### Directions for this task
Please retype the listing exactly as it appears, skipping each picture.

### Supplied material
· · · · · · ·

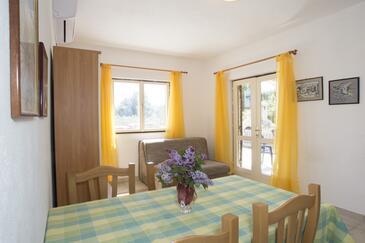 Appartamento può accogliere 5 ospiti. I letti sono disposti nelle camere da letto che sono 2, e nella camera di soggiorno, su 47m2. Gli ospiti hanno a disposizione il proprio terrazzo per godere nelle calde serate estive. Dall'appartamento si gode di una vista sul mare. Si può preparare il cibo utilizzando il barbecue comune.
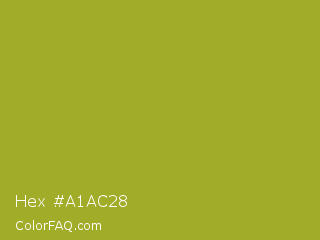 Hex #a1ac28 Color is a normal yellow color and the nearest color is Citron #9fa91f. Hex code #a1ac28 and RGB value is rgb(161,172,40). In RGB color space, this color is composed of 63% red, 67% green, 16% blue, In CMYK color space, this color is composed of 6% cyan, 0% magenta, 77% yellow , 33% black , In HSL color space, this color has a hue angle of 65° , 62% saturation and 42% lightness.
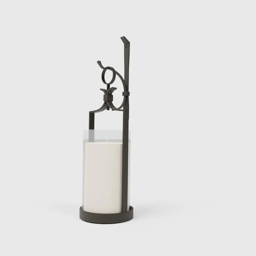 Design Style: Vintage-inspired wall-mounted candleholder with a handcrafted iron bracket, scrollwork details, and a shallow glass or ceramic candle dish.

· · · · · · ·

### Reply to the task
 Appartamento può accogliere 5 ospiti. I letti sono disposti nelle camere da letto che sono 2, e nella camera di soggiorno, su 47m2. Gli ospiti hanno a disposizione il proprio terrazzo per godere nelle calde serate estive. Dall'appartamento si gode di una vista sul mare. Si può preparare il cibo utilizzando il barbecue comune.
 Hex #a1ac28 Color is a normal yellow color and the nearest color is Citron #9fa91f. Hex code #a1ac28 and RGB value is rgb(161,172,40). In RGB color space, this color is composed of 63% red, 67% green, 16% blue, In CMYK color space, this color is composed of 6% cyan, 0% magenta, 77% yellow , 33% black , In HSL color space, this color has a hue angle of 65° , 62% saturation and 42% lightness.
 Design Style: Vintage-inspired wall-mounted candleholder with a handcrafted iron bracket, scrollwork details, and a shallow glass or ceramic candle dish.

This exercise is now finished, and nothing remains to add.